Because heroes can’t always win. In fantasy we are programmed to think that heroes, if given the right tools and spells and time, can save anyone. But sometimes they can’t. For all the flak that Tolkien gets, I think that was the greatest gift he gave the genre (even if it is so often ignored). Sometimes the hero fails. But in that moment of darkness, out of that despair, comes such a rich possibility.
Anyway, talking to a few people about the issues, the advice has ranged from “carry on” to “don’t write about it”. I am moving foward, albeit slowly. Because if I stop writing about the things that matter to me, if is stop telling the stories that are difficult, I compromise one of my core beliefs. Holding a mirror up to nature, and all that. In reality I may not be the bravest of beings, but in text I can forge on further than the boundaries here in my world…
3 Comments
Jim Breslin
Natania – A good post about a subject I’ve been reflecting on a lot. In a way, I’m starting to think writing is like “method acting,” where you have to get in the skin of the character and the character becomes you. I’m working on a story that each day by noon I’m exhausted and I spend the rest of the day thinking about the character. I think the deeper you try to go, the harder it becomes.
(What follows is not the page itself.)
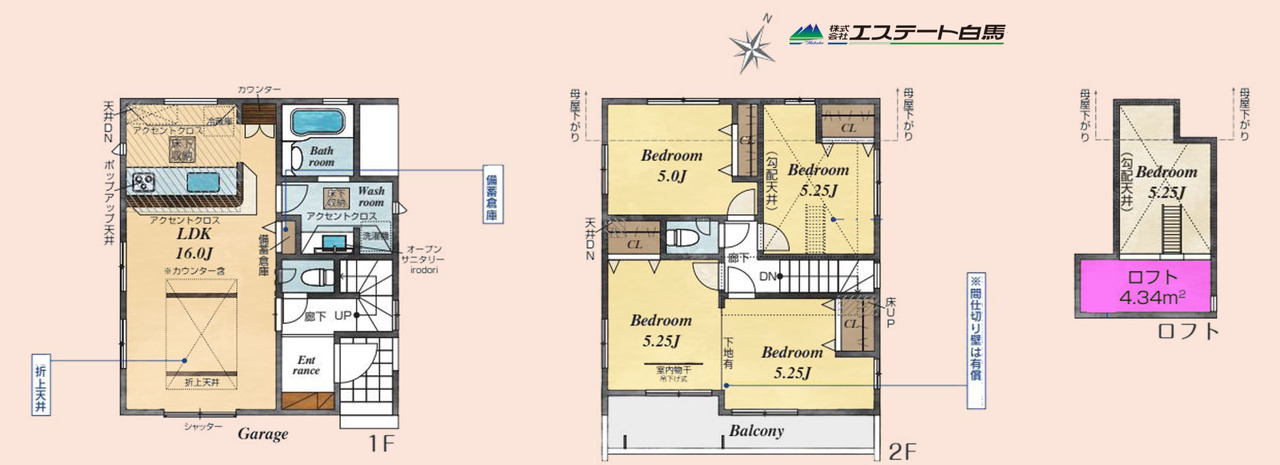 南道路につき日当たり良好、カースペース並列3台可能、季節物の収納等に便利なロフト、災害時にも安心の備蓄倉庫

Good luck.
Liam
Natania — certainly carry on. Sometimes sluggishness may a sign you’re going in a direction you know on some level is working. But in this case it seems you’re having to deal with something more challenging because it’s more powerful.
Steven Till
Natania, I’m right there with you. With the first couple of drafts of my novel, my characters were too flat, either too much one way or too much the other way ( light or dark if you will), and I tried to broaden those characters, and oftentimes didn’t like the decisions they made or the manner in which they acted. It’s still something I feel I can improve on. Like you said, “heroes can’t always win” (never more true than with George R.R. Martin’s A Song of Ice and Fire), but in truth, that’s what makes the characters more tangible, more human. Keep plugging away at your writing!